The lookup table (library of sequences) never changes. The elements
will never be bigger than 171, so yes I could pack 4 of them into 32
bits.
Are you, then, saying to store each sequence-of-4 in a single
unsigned long, and do some kind of bit search?

   typedef unsigned char MyEntry[4];

will most likely fit your needs.

If you encounter problems because array types are a bit special in C/C++
wrap it in a struct:
   struct MyEntry
   { unsigned char Column[4];
   };

Objects of type MyEntry are now 32 bits.

   struct MyHashKey
   { unsigned char Key[2];
   };

MyHashKey is intended to be used as hash key for two arbitrary columns.

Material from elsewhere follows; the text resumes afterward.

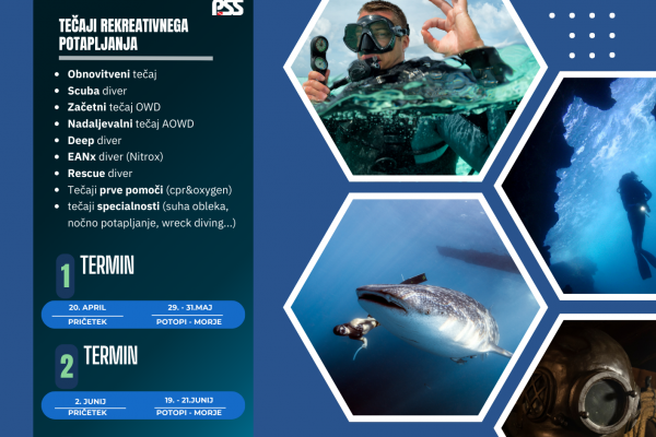 Začetni in nadaljevalni tečaji – OWD in AOWD; 14. marec, 19. maj, 13.-14. junij, 25. – 29. junij otroški termin: 28. – 31. avgust Več informacij o začetnem tečaju Več informacij o nadaljevalnem tečaju Prijava…

Because MyHashKey is no integral type you must define a hash function to
use it in a hashtable.

   int MyHashFunc(MyHashKey key)
   { // portable version:
     return key[0] | (key[1] << 8);
     // fast non-portable version:
     // return *(short*)key;
   }

As content I would recommend to use something like:

   template <typename Compare>
   typedef MyHashEntry std::set<MyEntry, Compare>;

It will contain the matching MyEntry lines of your data ordered by the
remaining columns, to speed up lookups with one or no wildcards. If you
have two wildcards enumerate over the entire sublist.
The Compare template parameter is needed because Content is sorted by
different columns depending on your first key columns. It is a functor
that provides the comperator for two MyEntries.

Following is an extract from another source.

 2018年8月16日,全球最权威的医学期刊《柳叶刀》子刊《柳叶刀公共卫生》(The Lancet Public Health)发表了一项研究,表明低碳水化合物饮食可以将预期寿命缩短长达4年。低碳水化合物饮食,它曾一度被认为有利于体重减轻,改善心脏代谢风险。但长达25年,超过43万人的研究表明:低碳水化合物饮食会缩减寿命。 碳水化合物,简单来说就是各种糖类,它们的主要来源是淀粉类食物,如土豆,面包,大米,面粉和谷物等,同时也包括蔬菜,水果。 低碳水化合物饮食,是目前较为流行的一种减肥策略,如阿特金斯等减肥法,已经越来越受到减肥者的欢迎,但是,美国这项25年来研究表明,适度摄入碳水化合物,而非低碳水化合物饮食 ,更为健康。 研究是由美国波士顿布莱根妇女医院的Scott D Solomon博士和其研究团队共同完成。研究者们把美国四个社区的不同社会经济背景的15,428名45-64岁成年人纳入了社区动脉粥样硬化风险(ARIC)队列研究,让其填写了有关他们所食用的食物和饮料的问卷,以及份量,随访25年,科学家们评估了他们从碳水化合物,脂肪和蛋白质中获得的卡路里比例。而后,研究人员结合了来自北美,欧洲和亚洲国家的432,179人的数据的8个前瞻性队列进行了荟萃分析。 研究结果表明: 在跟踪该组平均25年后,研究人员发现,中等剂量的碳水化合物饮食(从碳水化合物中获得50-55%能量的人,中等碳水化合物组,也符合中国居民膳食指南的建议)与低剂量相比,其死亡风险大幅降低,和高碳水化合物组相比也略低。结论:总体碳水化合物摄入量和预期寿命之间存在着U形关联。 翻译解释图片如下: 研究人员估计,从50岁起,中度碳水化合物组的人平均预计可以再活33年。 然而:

Now you need the comparer mentioned above.

   template <int COL1, int COL2>
   bool MyColumnComparer(MyEntry l, MyEntry r)
   { unsigned lkey = (l.Column[COL1] << 8) | l.Column[COL2];
     unsigned rkey = (r.Column[COL1] << 8) | r.Column[COL2];
     return lkey < rkey;
   }

And now you can define your root data structures:

   std::hash_set<MyHashKey,
                 MyHashEntry<MyColumnComparer<3,4> >,
                 MyHashFunc> EntriesBy1234;

The above hashtable instance is intended to store the Entries hashed by
the first two columns and for each distinct values of the first two
colums ordered by the third column. In the same way you could define
further entry points for your searches.

   std::hash_set<MyHashKey,
                 MyHashEntry<MyColumnComparer<2,4> >,
                 MyHashFunc> EntriesBy1324;
   std::hash_set<MyHashKey,
                 MyHashEntry<MyColumnComparer<2,3> >,
                 MyHashFunc> EntriesBy1423;
   std::hash_set<MyHashKey,
                 MyHashEntry<MyColumnComparer<1,4> >,
                 MyHashFunc> EntriesBy2314;
   std::hash_set<MyHashKey,
                 MyHashEntry<MyColumnComparer<1,3> >,
                 MyHashFunc> EntriesBy2413;
   std::hash_set<MyHashKey,
                 MyHashEntry<MyColumnComparer<1,2> >,
                 MyHashFunc> EntriesBy3412;

For lookups with only one wildcard you can choose an arbitrary list with
the required key columns. There is some redundancy in this case.

Note, that all of that is only a rough idea. It may even contain
syntactical errors because I wrote down it quite quickly.
Also note that the data structure is only optimized for lookups not for
the population process. Changes are quite slow because they have to be
applied at different places simultaneously.

Sorry, I don't know how that would work... how would I differentiate
between the ones the exist in the library, and those that don't?

Sorry, I didn't understand the your last question.

Marcel